#shell-history #shell #history #command-line #command-line-tool #search #line-search

bin+lib pxh

pxh is a fast, flexible shell history mining tool. It indexes all of your shell history to give you total recall across one of your most valuable reservoirs of knowledge, your shell history.

2 unstable releases

0.4.0 Apr 1, 2023
0.3.0 Feb 12, 2023

#2700 in Command line utilities

MIT license

63KB
1K SLoC

Rust 874 SLoC // 0.1% comments Shell 179 SLoC // 0.4% comments Zsh 40 SLoC BASH 35 SLoC SQL 22 SLoC

pxh

Portable, extensible history manager for interactive shells and other REPL tools (pxh for short).

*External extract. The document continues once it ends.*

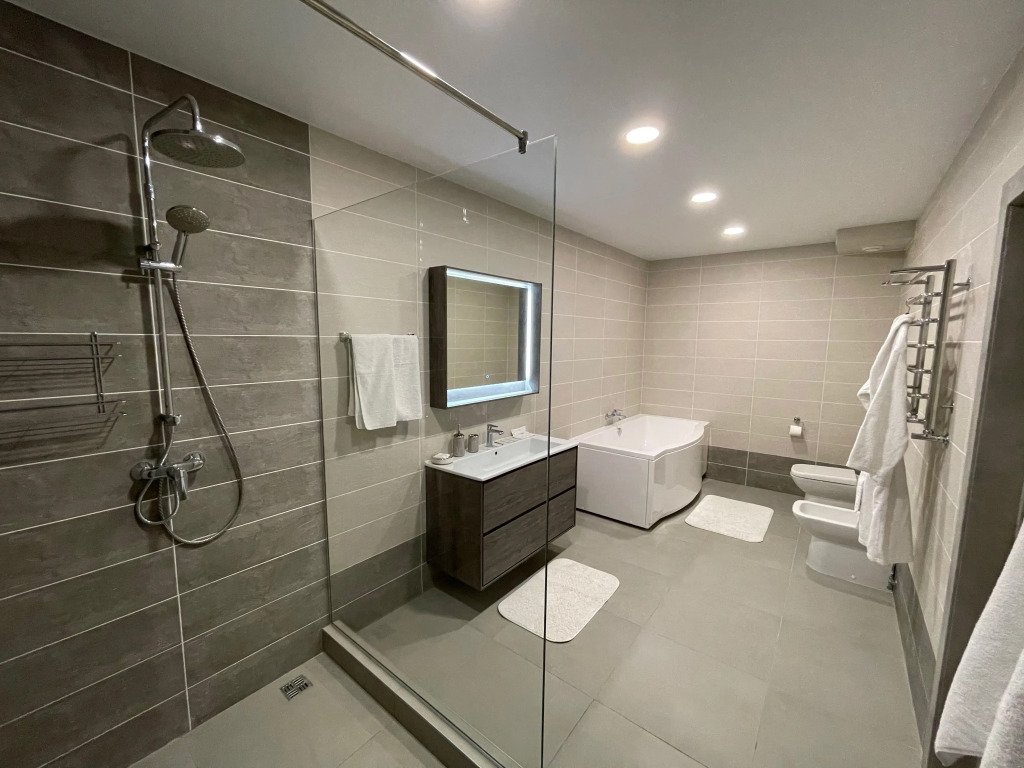 В каждой комнате душевая кабина или ванная, кондиционер. В гостиной: обеденная зона, кожаный диван, кухонный гарнитур, холодильник, микроволновая печь, телевизор. Фен, утюг по запросу.

pxh's job is to be a reliable and unobtrusive the persistence and search engine for tracking one of the most valuable knowledge vaults you have -- your shell histories. pxh can import your existing history files to give you a head start and provides consistent, on-demand synchronizing across computers.

Key features:

  • pxh is fast and unobtrusive; once installed, you should never notice it except when you want to conduct a search.
  • pxh tags history commands with additional context such as the directory, host, and user which lets you store all of your history, not just your primary computer's. It also tracks exit codes and durations.
  • pxh supports flexible searching to quickly surface relevant and useful entries such as all commands run in a specific directory or commands issued in a given shell session.
  • pxh provides easy, on-demand synchronization across computers to allow for an "eventually consistent" global view of your interactive shell history.

Quick links:

Currently pxh supports bash and zsh.

Basic Usage

The pxh workflow involves searching history. pxh aims to provide better performance and ergonomics than history | grep SOME_COMMAND in addition to ensuring it never misses a history entry. To search history, use pxh show REGEX or pxh s REGEX.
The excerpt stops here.